#### PROVIDED RECORDS

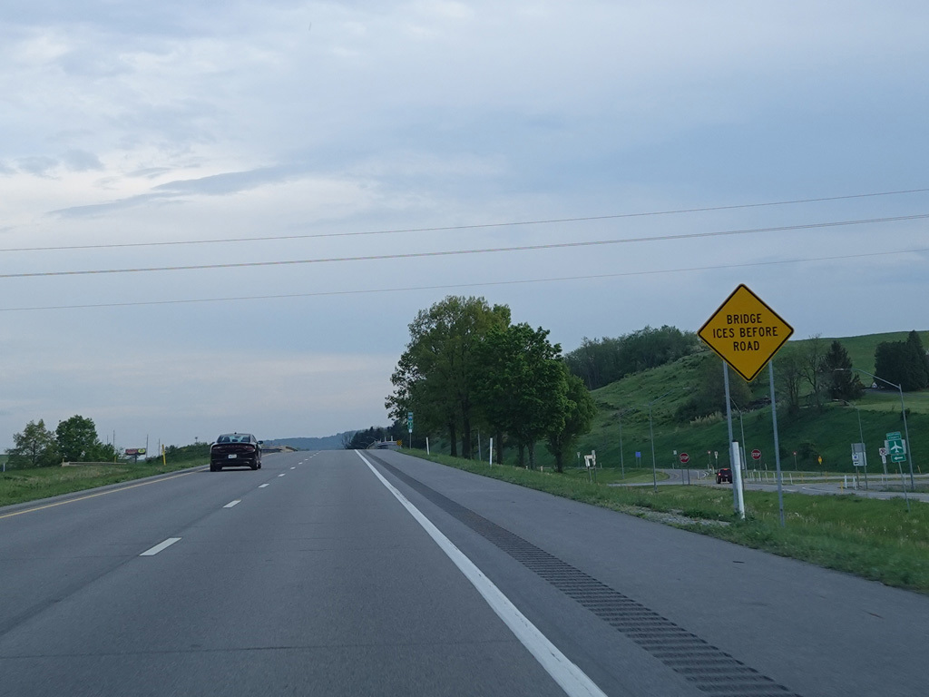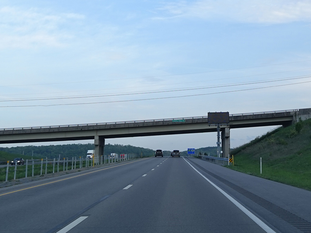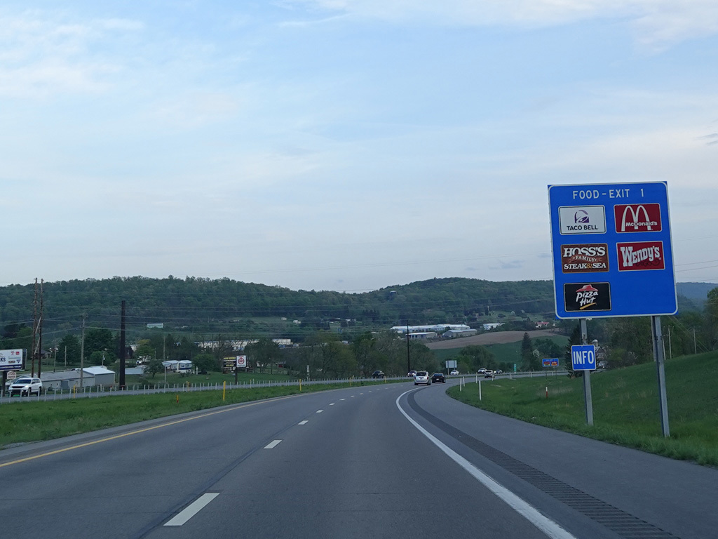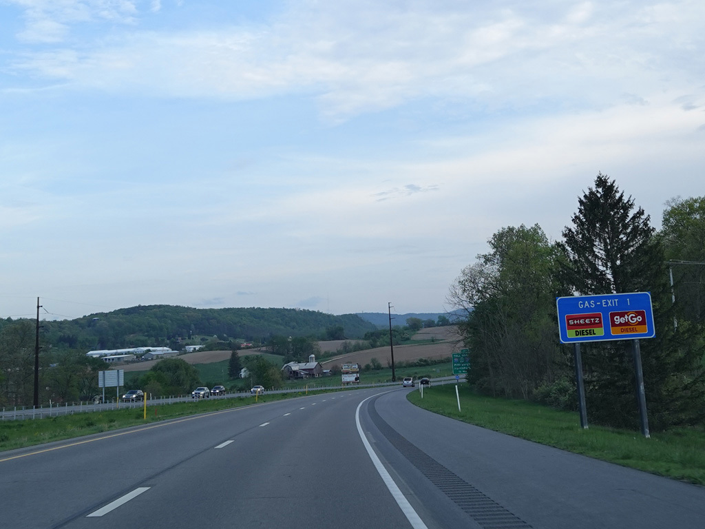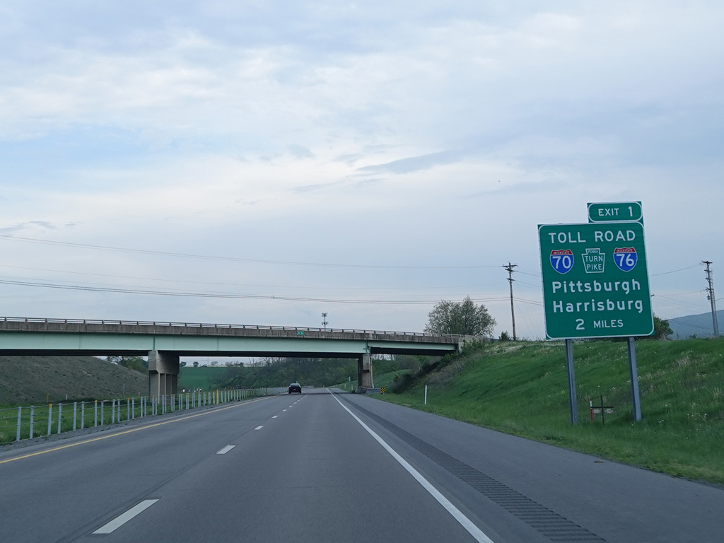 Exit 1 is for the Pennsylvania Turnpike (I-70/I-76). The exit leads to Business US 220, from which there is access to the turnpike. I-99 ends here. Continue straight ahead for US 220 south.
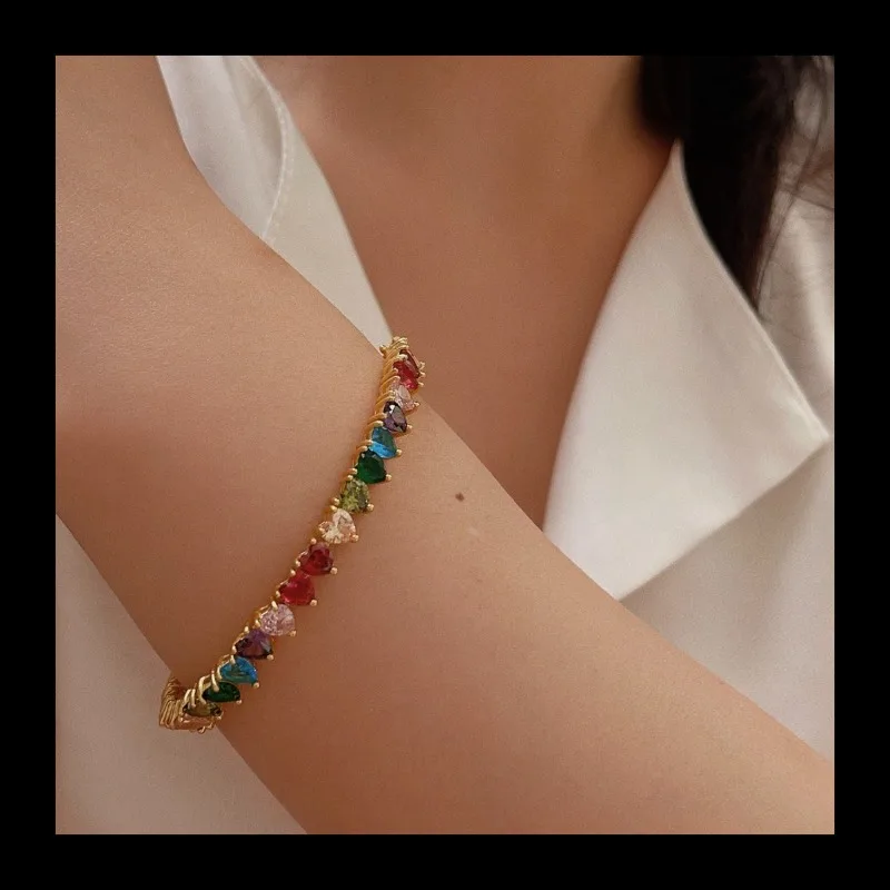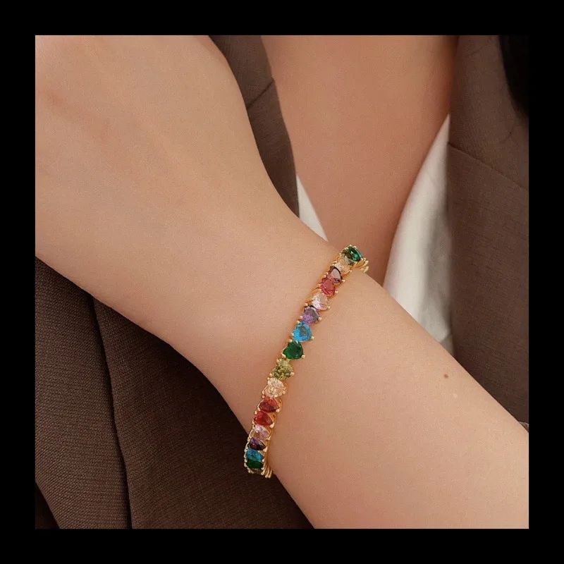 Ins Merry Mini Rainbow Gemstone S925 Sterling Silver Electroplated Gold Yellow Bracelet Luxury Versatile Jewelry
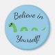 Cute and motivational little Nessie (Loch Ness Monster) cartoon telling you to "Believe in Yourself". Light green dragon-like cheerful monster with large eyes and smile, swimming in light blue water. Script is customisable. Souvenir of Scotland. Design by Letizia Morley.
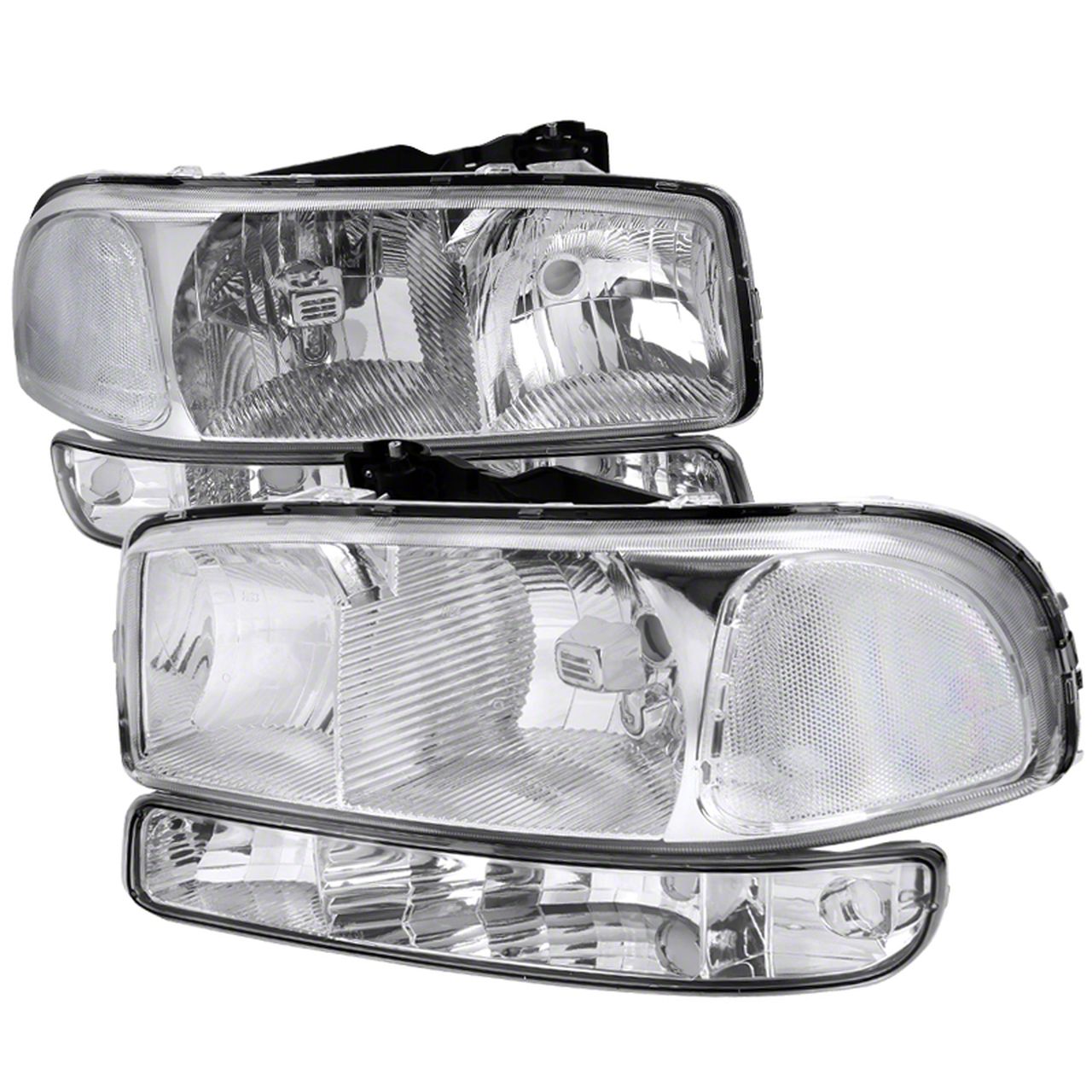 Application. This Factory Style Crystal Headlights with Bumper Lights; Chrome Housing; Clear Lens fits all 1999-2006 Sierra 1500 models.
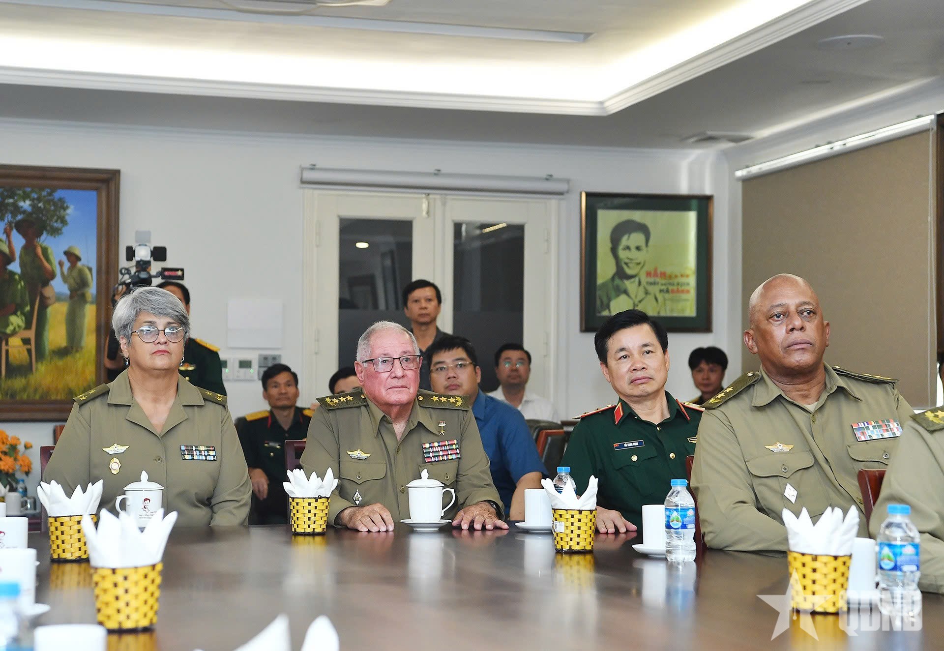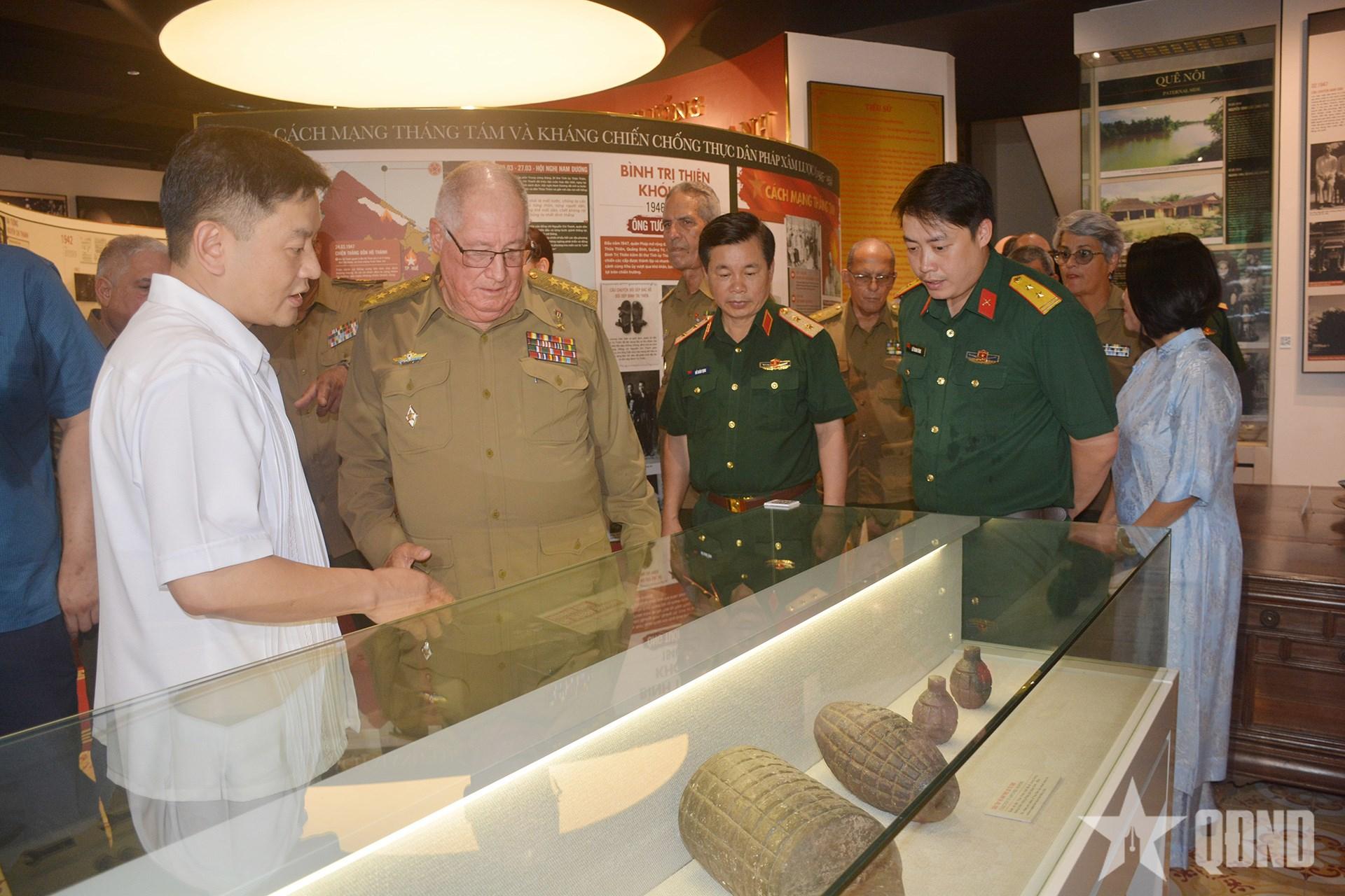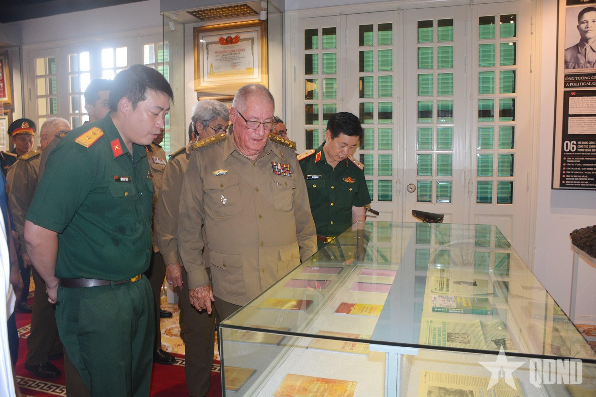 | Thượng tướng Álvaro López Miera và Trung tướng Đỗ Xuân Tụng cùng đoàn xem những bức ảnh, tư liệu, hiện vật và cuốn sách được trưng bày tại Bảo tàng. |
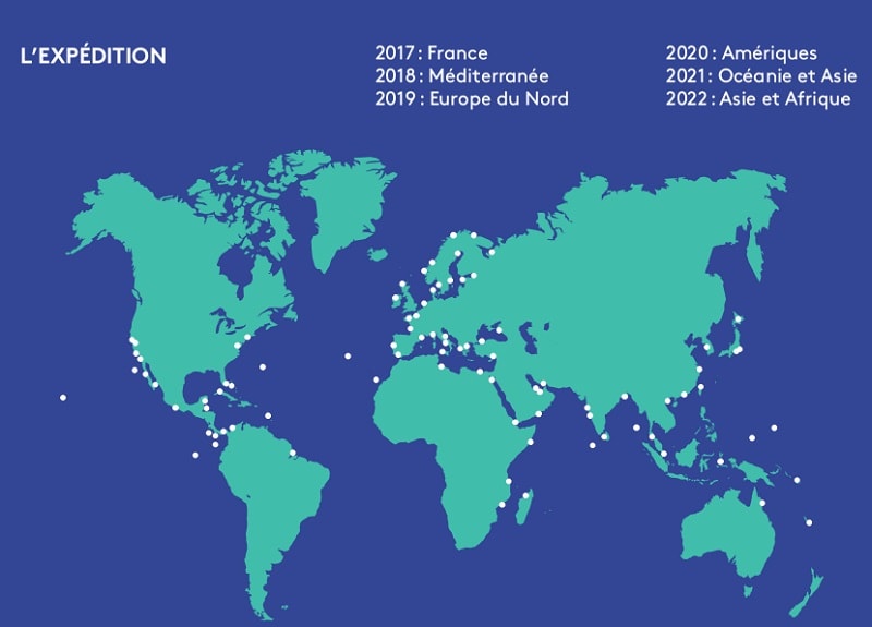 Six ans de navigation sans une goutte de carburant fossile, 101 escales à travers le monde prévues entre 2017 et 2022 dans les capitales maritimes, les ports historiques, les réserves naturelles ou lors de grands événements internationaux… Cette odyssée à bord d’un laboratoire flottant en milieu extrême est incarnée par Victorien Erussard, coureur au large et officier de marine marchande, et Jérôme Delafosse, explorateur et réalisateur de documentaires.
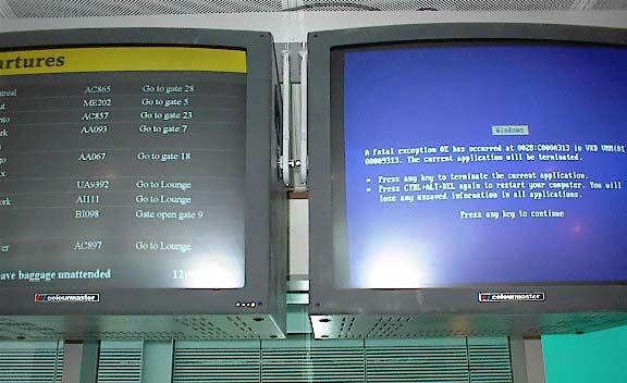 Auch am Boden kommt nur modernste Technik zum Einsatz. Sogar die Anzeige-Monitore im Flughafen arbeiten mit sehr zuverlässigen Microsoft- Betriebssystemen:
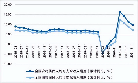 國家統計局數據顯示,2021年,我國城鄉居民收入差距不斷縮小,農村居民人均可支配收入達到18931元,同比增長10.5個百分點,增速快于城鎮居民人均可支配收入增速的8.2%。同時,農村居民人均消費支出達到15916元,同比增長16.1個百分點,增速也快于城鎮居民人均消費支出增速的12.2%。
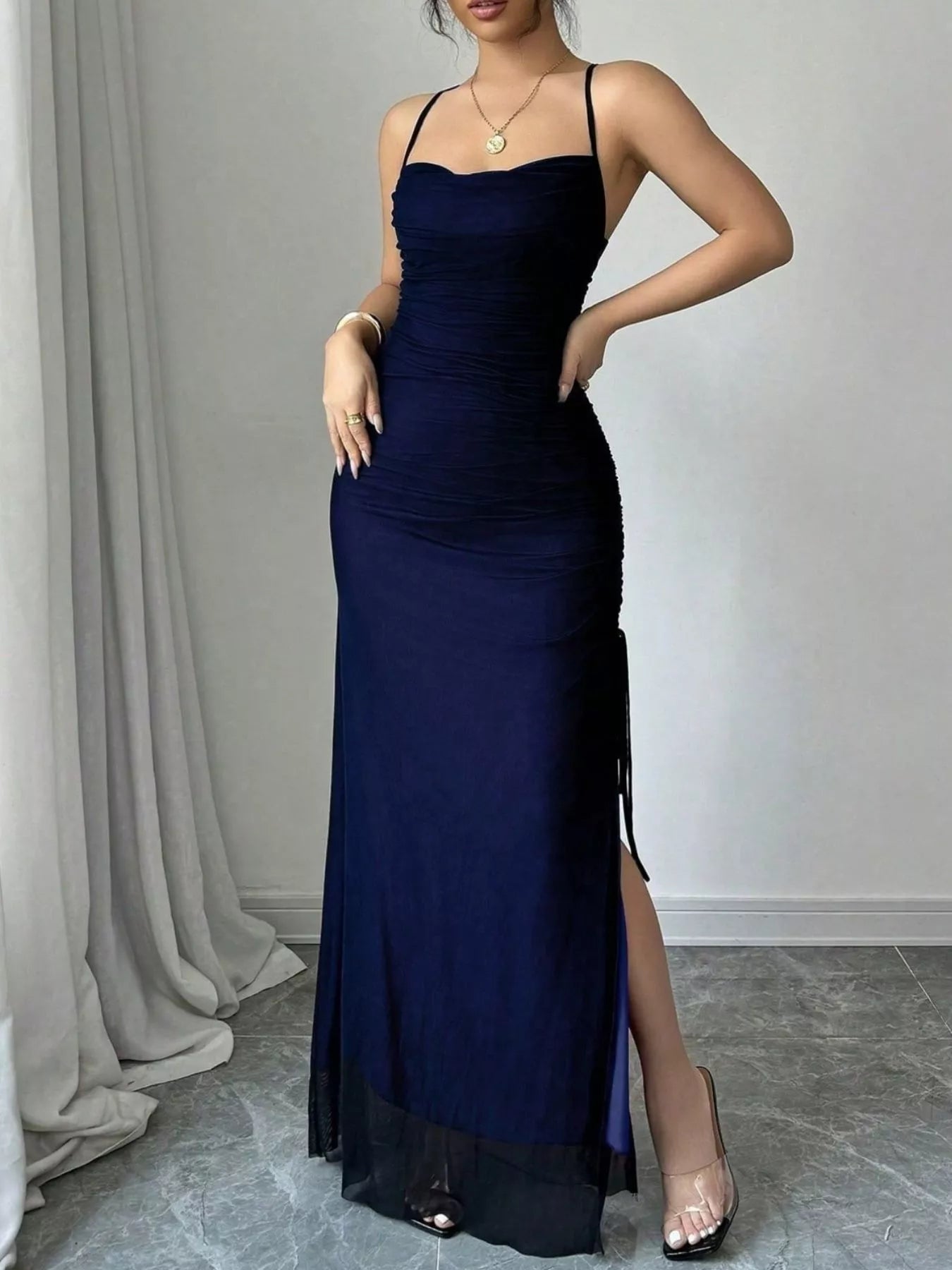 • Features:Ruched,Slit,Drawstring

########

#### [TASK DIRECTIONS]
Write out the lines of the entries above exactly, beginning with the first and ending with the line that contains "Application. This Factory". No picture goes in.

#### [TASK OUTPUT]
 Exit 1 is for the Pennsylvania Turnpike (I-70/I-76). The exit leads to Business US 220, from which there is access to the turnpike. I-99 ends here. Continue straight ahead for US 220 south.
 Ins Merry Mini Rainbow Gemstone S925 Sterling Silver Electroplated Gold Yellow Bracelet Luxury Versatile Jewelry
 Cute and motivational little Nessie (Loch Ness Monster) cartoon telling you to "Believe in Yourself". Light green dragon-like cheerful monster with large eyes and smile, swimming in light blue water. Script is customisable. Souvenir of Scotland. Design by Letizia Morley.
 Application. This Factory Style Crystal Headlights with Bumper Lights; Chrome Housing; Clear Lens fits all 1999-2006 Sierra 1500 models.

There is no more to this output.